Definitely personal preference. I have a 7" wrist, have owned both, and strongly prefer the 35. But as you said, almost impossible to know this in advance, so this is a decision where having the opportunity to visit a dealer and compare can make all the difference.


----------



## dhtjr

Hard to believe nearly two years have passed since I started this thread. I still haven't acquired a Nomos. In fact, just two days ago I went to an AD to look, yet again, this time at the Orion 35 and 38 (I prefer the Weiss version), as opposed to the Tangente. Even though my wrist is only 6.5, it is very flat, so I found the Orion 35 a bit too small for my taste. Unfortunately, the 38 looked too big for this style of watch, so obviously my sweet spot for the Orion is probably around 37. I know that sounds incredibly neurotic, but that's just the way it works out for me, and this is probably the fourth time I have gone through this little charade of 35 v. 38 at an AD regarding both the Tangente and Orion. I was thinking the new Minimatik might be a good option, but I think I will also find it too small at 35.5. Or maybe the new Metro without the PR, if I can warm to the style and the date window. Love the brand, but a Nomos continues to elude me.


----------



## lxxrr

6.5", Nomos Tangomat 35 was too small. 38.5 has no lug overhang and looks great on me.


----------



## dantan

Keep this thread going!


----------



## gwold

The size that's right is pretty clearly driven by personal preference, IMO. I've got the Orion (not Tangente) 38, and had the good fortune to be able to try on both the 38 and a 35. My SO & I both agreed the 38 was right, the 35 too small, on my 7.5" wrist. Yet now after having owned & worn it for a while I must say the 35 would have been just fine. These watches are all face, unlike the divers I've grown accustomed to, and so a smaller size really can fit wonderfully.

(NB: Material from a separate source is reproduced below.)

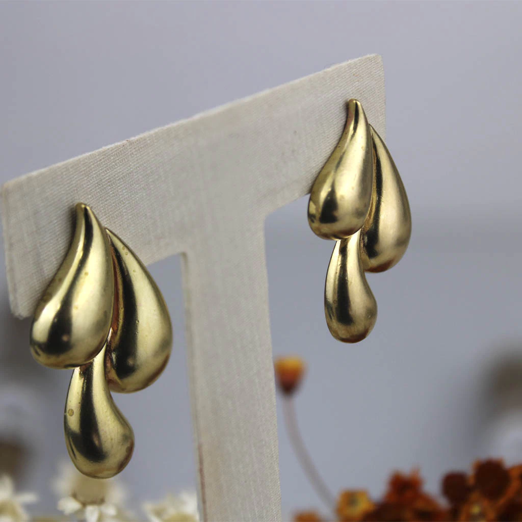 Quer um item exclusivo para revenda que vai conquistar seus clientes? O BRINCO TRÊS GOTAS é a escolha perfeita! Com acabamento de joalheria, feita de latão para banho, garantindo qualidade e durabilidade. Leve e estilosa, Não perca a chance de adicionar esse produto incrível ao seu estoque!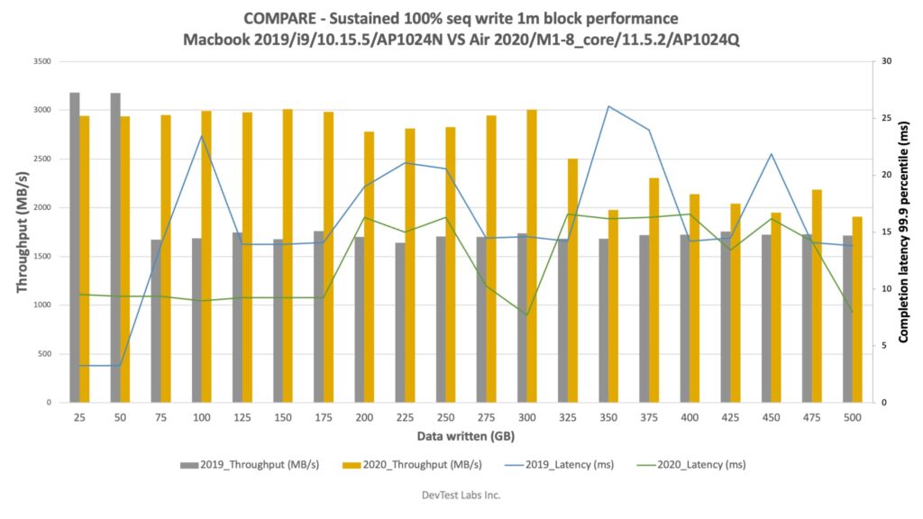 - Sustained write performance is lot better in 2020 model. Even we updated to 11.5.2 in 2019/i9 model sustained writes are lower in 2019 model. We suspect new SSD controller/firmware in 2020 model made this difference.

Don't get me wrong, I am very happy with the 38. My point is that the 35 would have been fine as well--it just took some getting used to this watch's fit & "persona".


----------



## Baham

This man knows of what he speaks. And his wrist measurement is 7.5". He can wear a 38mm. Is your wrist measure to 7.5"".

bigger, is only sometimes better.


----------



## cadeallaw

Nomos Tangente 38 on a wrist slightly smaller than 6.5:


----------



## robert1234

hey gang,

i'm also experiencing similar concerns, tossing up between the 35 and 38 (albeit an orion).

i tried some on at the AD and while the 35 felt super small at first, i took a few photos and can see it looks great on my wrist. where as, the 38 loses some of the dial's charm....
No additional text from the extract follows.